Start of DATA

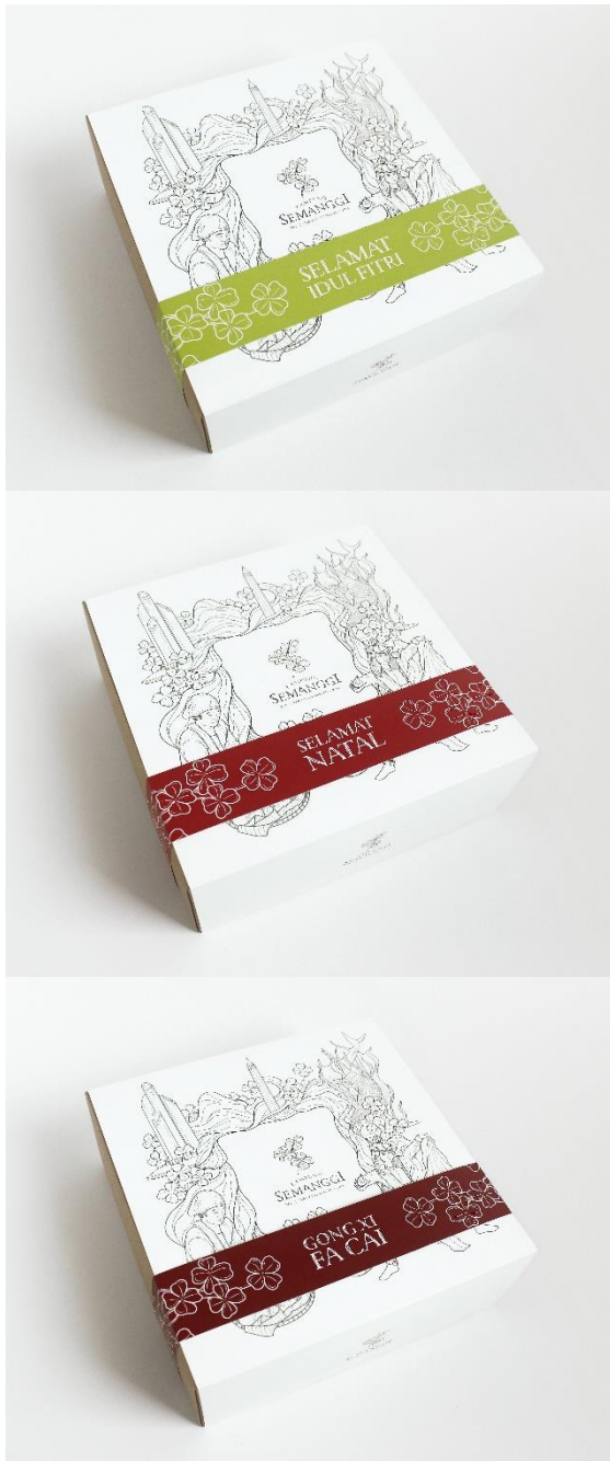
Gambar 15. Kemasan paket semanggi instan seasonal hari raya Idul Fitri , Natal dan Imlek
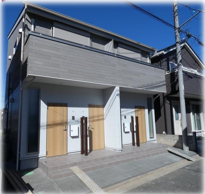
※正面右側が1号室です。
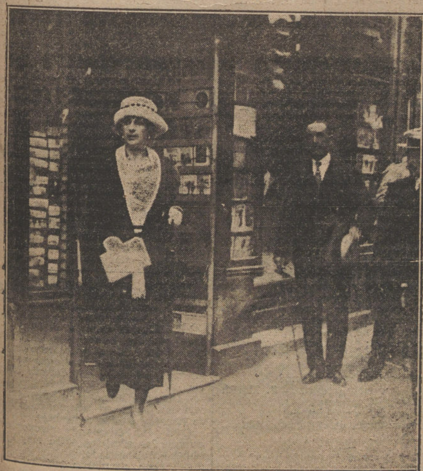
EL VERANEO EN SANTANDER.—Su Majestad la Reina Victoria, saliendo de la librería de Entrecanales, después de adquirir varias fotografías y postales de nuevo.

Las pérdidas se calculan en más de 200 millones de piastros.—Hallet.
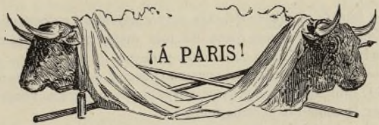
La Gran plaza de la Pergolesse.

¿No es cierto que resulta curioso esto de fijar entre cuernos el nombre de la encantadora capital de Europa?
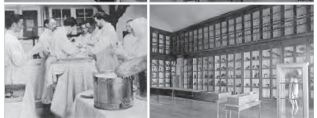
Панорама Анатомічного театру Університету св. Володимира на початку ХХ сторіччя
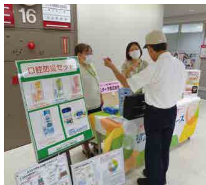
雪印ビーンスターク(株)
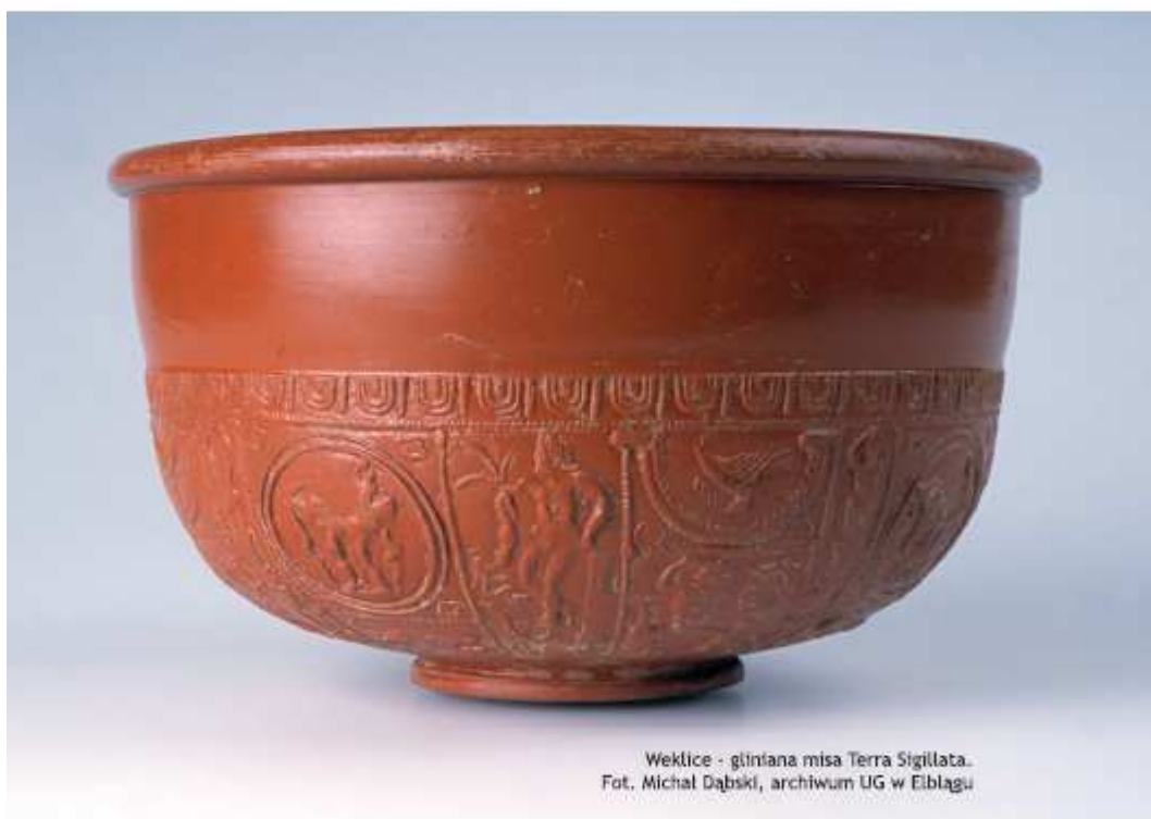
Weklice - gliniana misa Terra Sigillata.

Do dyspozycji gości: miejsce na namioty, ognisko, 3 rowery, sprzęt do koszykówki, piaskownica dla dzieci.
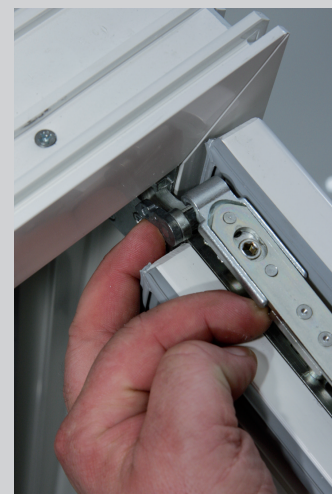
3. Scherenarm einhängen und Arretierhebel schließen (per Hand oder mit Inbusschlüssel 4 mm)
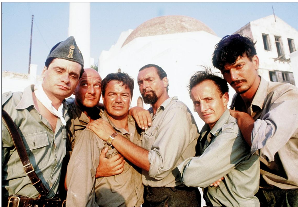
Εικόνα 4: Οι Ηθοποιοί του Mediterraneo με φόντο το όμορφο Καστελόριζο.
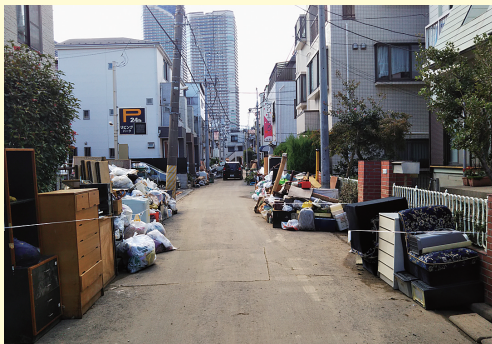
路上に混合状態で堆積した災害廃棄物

End of DATA

- **REQUIRED ACTION**: Write the lines from the line containing "雪印ビーンスターク(株)" through the last line of the data out again exactly, and only those lines; pictures stay out.

- **ANSWER SPACE**:
雪印ビーンスターク(株)
Weklice - gliniana misa Terra Sigillata.

Do dyspozycji gości: miejsce na namioty, ognisko, 3 rowery, sprzęt do koszykówki, piaskownica dla dzieci.
3. Scherenarm einhängen und Arretierhebel schließen (per Hand oder mit Inbusschlüssel 4 mm)
Εικόνα 4: Οι Ηθοποιοί του Mediterraneo με φόντο το όμορφο Καστελόριζο.
路上に混合状態で堆積した災害廃棄物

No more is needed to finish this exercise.